Еще будучи в академии, он был назначен преподавателем в два детских приюта и скоро выделился своими собеседованиями. Он посещал ночлежные дома, петербургские притоны, рабочие кварталы, любил и умел разговаривать с их обитателями. Ряса священника, своеобразная речь и задушевный тон помогали ему. Скоро незаурядный священник-провинциал заинтересовал собою и академическое начальство, и некоторые салоны петербургского аристократического общества. Он начал входить в моду. Открылись для него и двери гостиной статс-дамы ее величества Е. Н. Нарышкиной. По ее проникнутым любовью к царской семье теплым рассказам про государя и его доброту и любовь к народу, про его дивную семейную жизнь, Гапон уже более сознательно начал любить государя и проникаться верою, что при нем рабочий люд действительно может добиться всего, что нужно ему для его благополучия. Фантазия Гапона направлялась в сторону широких социальных реформ.
Будучи на втором курсе академии, он разработал проект о кооперативе безработных и о предоставлении им подрядов общественных работ, о реформе рабочих домов, о земледельческих исправительных колониях для детей и подал свои проекты генералу Клейгельсу и причастным к делам приюта генерал-адъютанту Максимовичу и управляющему собственной его величества канцелярии Танееву, и был обнадежен одним из них, что его проекты будут рассматриваться под председательством самой императрицы Александры Федоровны. Голова полтавского малоросса шла кругом.
На четвертом курсе Гапона уволили из академии из-за какого-то недоразумения, но затем вновь приняли не без протекции со стороны охранного отделения, которое уже тогда знало Гапона и покровительствовало его работе среди бедного люда, находя его собеседования полезными.

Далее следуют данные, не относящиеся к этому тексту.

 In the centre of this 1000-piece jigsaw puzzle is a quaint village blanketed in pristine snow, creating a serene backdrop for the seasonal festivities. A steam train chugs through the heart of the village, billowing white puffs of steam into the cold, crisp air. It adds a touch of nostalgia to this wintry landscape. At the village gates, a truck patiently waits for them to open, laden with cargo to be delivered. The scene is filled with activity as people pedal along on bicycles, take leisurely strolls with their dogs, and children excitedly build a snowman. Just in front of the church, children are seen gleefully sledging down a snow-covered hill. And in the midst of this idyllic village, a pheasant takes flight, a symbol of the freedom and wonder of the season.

Весною 1903 года Гапон окончил академию и, привлеченный Зубатовым к работе в основанном последним обществе рабочих, с жаром отдался новой организационной деятельности. Но он, однако, не во всем сходился с Зубатовым. Он был против полицейской опеки над движением и стоял за его большую самостоятельность. Это не мешало, однако, ему быть с Зубатовым и Медниковым в самых близких отношениях, бывать часто у них на Преображенской улице и принимать от Зубатова денежную помощь.

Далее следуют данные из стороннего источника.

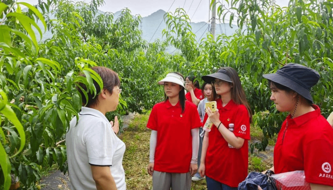 暑期植物科學技術學院曹慶芹教授、張卿副教授、張德鳳副教授多次帶領實踐團成員深入平谷區大華山鎮掛甲峪村和蘇子峪村,與鎮、村領導和技術人員探討平谷大桃免套袋管理和蘇子峪蜜棗種植遇到的技術難題,并結合實際提出解決方案。

После увольнения Зубатова, Гапон стал как бы официально во главе петербургской легализации. К концу 1903 года в Петербурге существовало уже 17 отделов на разных окраинах столицы. В отделах происходили собеседования и чтения, начинавшиеся обычно молебствием. На поддержку отделов Гапон получал иногда деньги и от департамента полиции и от градоначальника Клейгельса. К этому времени Гапон был назначен священником в центральную тюрьму.

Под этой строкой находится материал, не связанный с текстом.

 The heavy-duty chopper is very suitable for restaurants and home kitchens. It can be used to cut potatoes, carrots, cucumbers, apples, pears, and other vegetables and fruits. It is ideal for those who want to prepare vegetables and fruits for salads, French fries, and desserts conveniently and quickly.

С назначением градоначальника генерала Фулона[156], движение разрастается еще шире, начинают устраиваться уже общие собрания для рабочих и их семей, даже с танцами, и это движение уже перестает удовлетворять Гапона. Ему мало Петербурга, ему хочется перебросить его и на другие города. Его взоры обращаются на Москву и Малороссию.
Гапон поехал как-то в Москву, выступил там на одном из рабочих собраний и начал критиковать московские организации, выставляя взамен их свои. Дошло до градоначальника Трепова. Тот приказал арестовать Гапона и выслать в Петербург, министру же Плеве от великого князя было послано письмо, с указанием, чтобы Гапон больше в Москву не являлся. Плеве извинился, и Гапону было указано, что он может работать только в Петербурге. Пытался Гапон работать и по провинции, был он с этой целью в Харькове, а зимой 1904 года приехал и к нам в Киев и заявился прямо ко мне. Встретились мы как старые знакомые. Сказавши, что действует по полномочию директора Лопухина, Гапон разъяснил мне, что он приехал просить Клейгельса разрешить ему начать в Киеве организацию рабочих наподобие Петербурга и, прежде чем быть у него, заехал переговорить со мною и просить поддержки. Мы переговорили, причем я разъяснил, что все зависит от генерал-губернатора, в душе же я считал, что время для легализации у нас совсем не подходящее, и что все усилия надо направлять лишь на борьбу с разрастающейся революцией. Исходя из этого положения, я тотчас же после ухода Гапона поспешил к генералу Клейгельсу, доложил ему о приезде Гапона и высказал свой взгляд на полную неприемлемость для Киева его проекта. Клейгельс обещал отклонить просьбу Гапона, но я не очень доверял его обещаниям и потому поехал еще и к губернатору и нашел у него, горячую поддержку. Он обещал мне воспротивиться какой бы то ни было легализации.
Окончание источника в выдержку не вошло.